Stored entries:
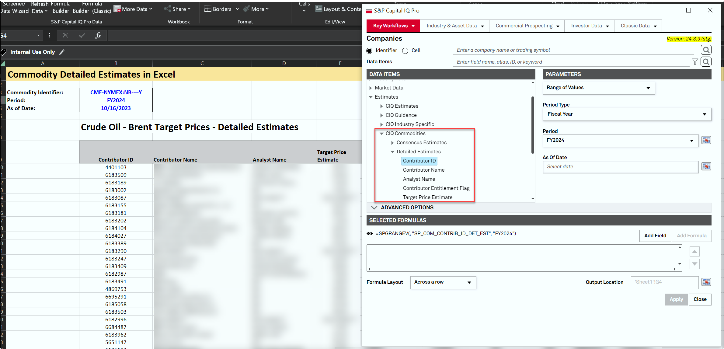 Click Add Formula and Apply to pull the list of contributors and their FY2024 target price estimates for Gold as range formulas in Excel
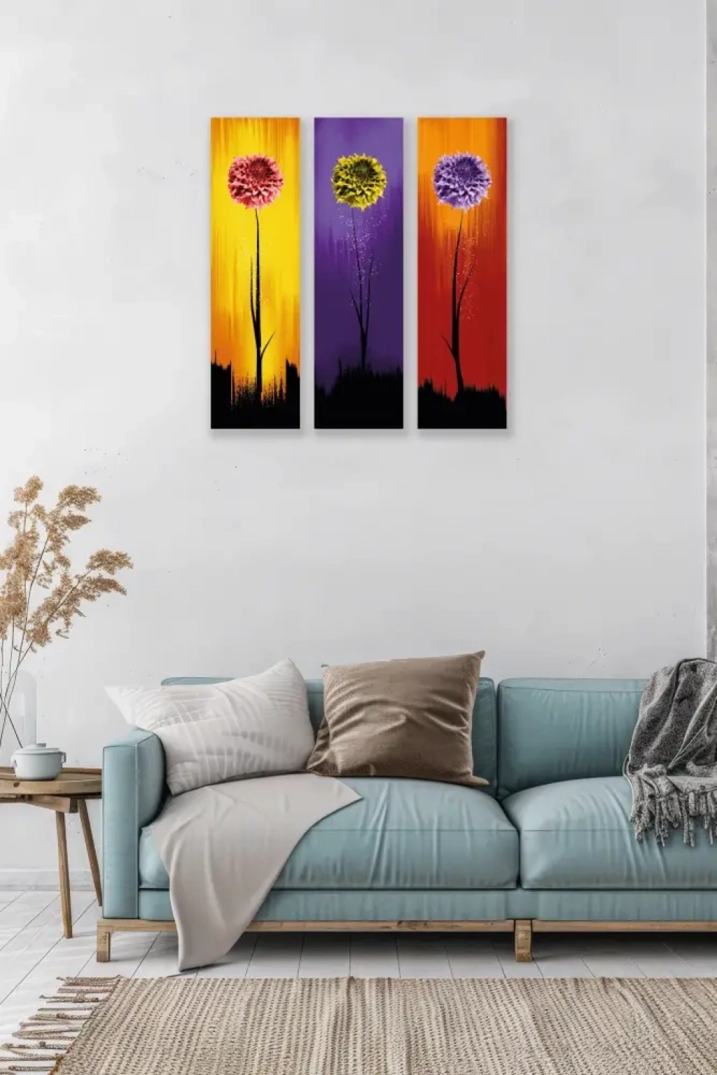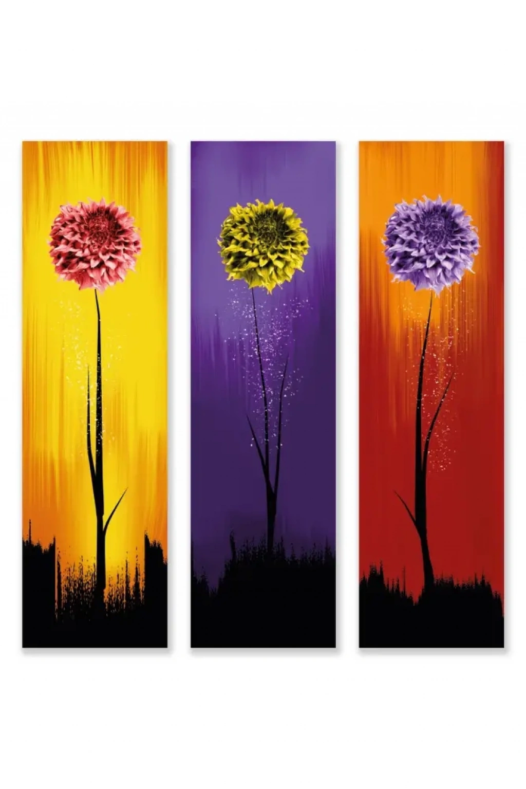 Set İçeriği: 3 adet tablo (renkli çiçek desenli tasarımlar)
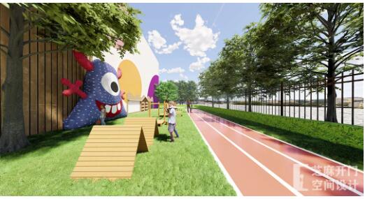 園區戶外設計中將音樂元素和涂鴉藝術融合,藝術造型配上五彩斑斕的童趣色彩,調皮而又靈動。“紅黃藍”三色籃球場極其奪目,讓孩子們對色彩的認知融入到運動娛樂之中。
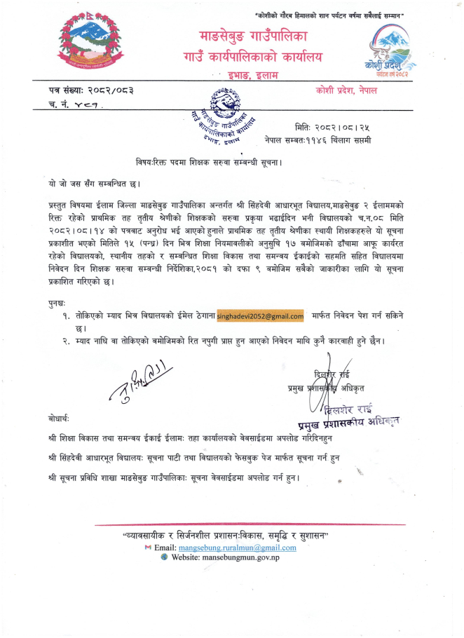 रिक्त पदमा शिक्षक सरुवा सम्बन्धी सूचना ।
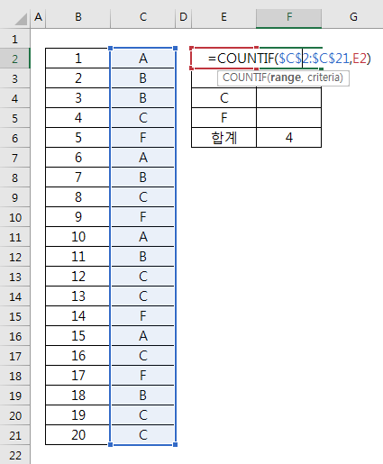 =COUNTIF($C$2:$C$21, E2)
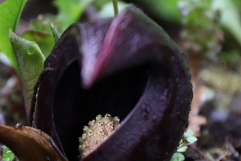 Симплокарпус прячет соцветие-початок под необычным тёмно-бордовым клювообразным покрывалом, похожим на капюшон или шлем. Это даёт защиту от переменчивой весенней погоды. Через неделю после зацветания начинают отрастать крупные розеточные листья.
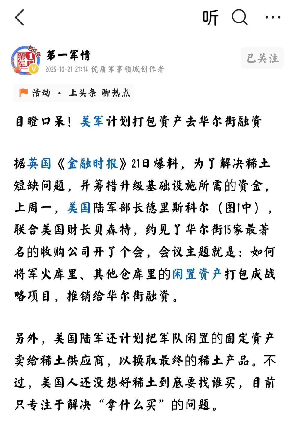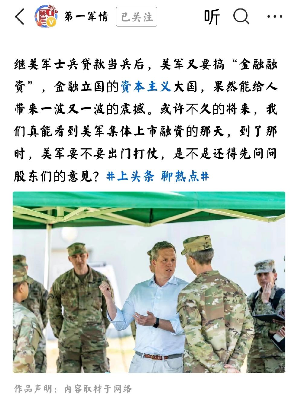 美式炫耀 个人观点:美式炫耀即是皇帝新装式的炫耀,海市蜃楼般的炫耀。 如何炫耀也不能改变美国制造业空心化的现状。 如何炫耀也不能改变美军资产打包找华尔街融资的惊天动地之举。如此明目张胆的国家利器私有化。
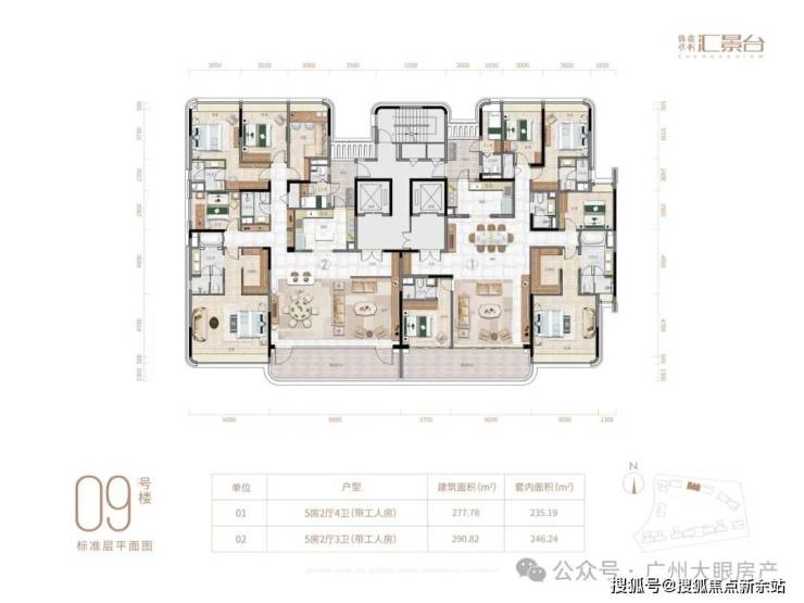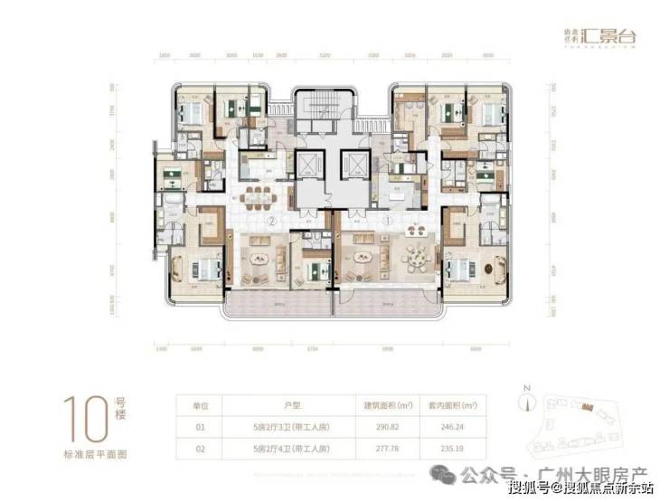 项目由14栋12层小高层组成,产品涵盖123-352㎡三至五房,共8类户型,户型实用率约82-84%

- [THE PROBLEM] The copy starts at the line holding "Set İçeriği: 3" and ends at the last line of the records above. Transcribe those lines exactly, pictures excluded.

- [TASK ANSWER]
 Set İçeriği: 3 adet tablo (renkli çiçek desenli tasarımlar)
 園區戶外設計中將音樂元素和涂鴉藝術融合,藝術造型配上五彩斑斕的童趣色彩,調皮而又靈動。“紅黃藍”三色籃球場極其奪目,讓孩子們對色彩的認知融入到運動娛樂之中。
 रिक्त पदमा शिक्षक सरुवा सम्बन्धी सूचना ।
 =COUNTIF($C$2:$C$21, E2)
 Симплокарпус прячет соцветие-початок под необычным тёмно-бордовым клювообразным покрывалом, похожим на капюшон или шлем. Это даёт защиту от переменчивой весенней погоды. Через неделю после зацветания начинают отрастать крупные розеточные листья.
 美式炫耀 个人观点:美式炫耀即是皇帝新装式的炫耀,海市蜃楼般的炫耀。 如何炫耀也不能改变美国制造业空心化的现状。 如何炫耀也不能改变美军资产打包找华尔街融资的惊天动地之举。如此明目张胆的国家利器私有化。
 项目由14栋12层小高层组成,产品涵盖123-352㎡三至五房,共8类户型,户型实用率约82-84%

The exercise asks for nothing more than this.